Il y a quelques années, j'ai commencé à travailler une longue nouvelle un peu d'épouvante pour les ados. Quand j'ai appris que les Z'ailées recherchaient des histoires du genre pour les 15 ans et plus, j'y ai aussitôt pensé.
Mais impossible de retrouver le document que j'avais travaillé à l'époque. C'était peut-être sur mon vieil ordinateur, je ne sais pas. Combien d'idées comme ça sont perdues dans les méandres des octets d'un ou l'autre Jerry? Pourtant, j'ai encore ici un document avec des nouvelles et des poèmes écrits entre 15 et 20 ans. Moi qui perds tout, surtout mes papiers...
M'enfin. Je vais peut-être tenter le coup de le réécrire. Mais je ne sais pas trop où mon idée va me mener: j'avais juste commencé à écrire un truc, je n'avais pas encore testé son réel potentiel. Parce que c'est beau avoir des millions d'idées, encore faut-il en faire quelque chose.
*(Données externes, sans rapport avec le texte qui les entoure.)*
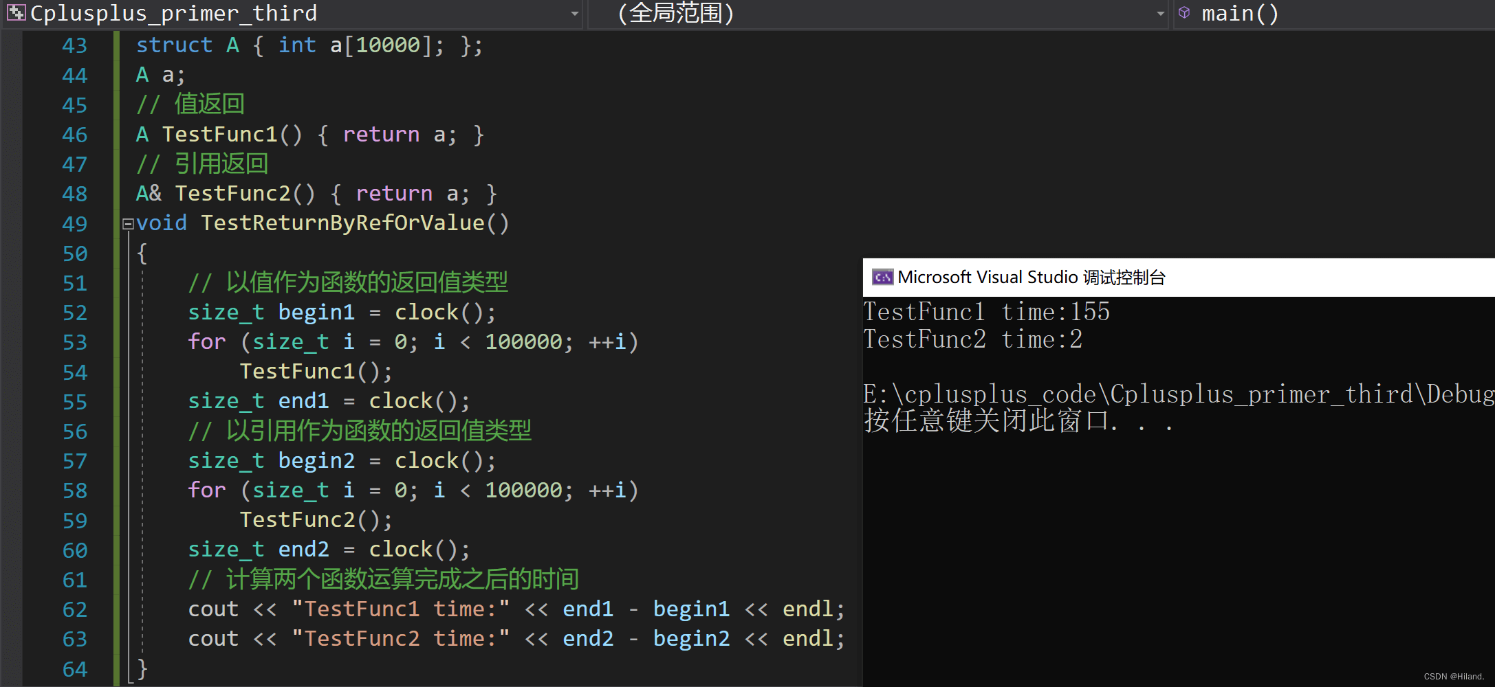2. 值和引用的作为返回值类型的性能比较

Évidemment. Aujourd'hui j'ai repris les rênes de mon roman, et voilà que mes idées se remettent à valser et à s'exciter. Incorrigible. Je compte donner deux heures demain à cette histoire pour ado, afin d'en évaluer le potentiel, après mon entraînement et avant le dîner. Après le dîner, je reprends mon royaume des ombres... je crois que je trouve le bon ton, ce que j'ai travaillé aujourd'hui m'enchante.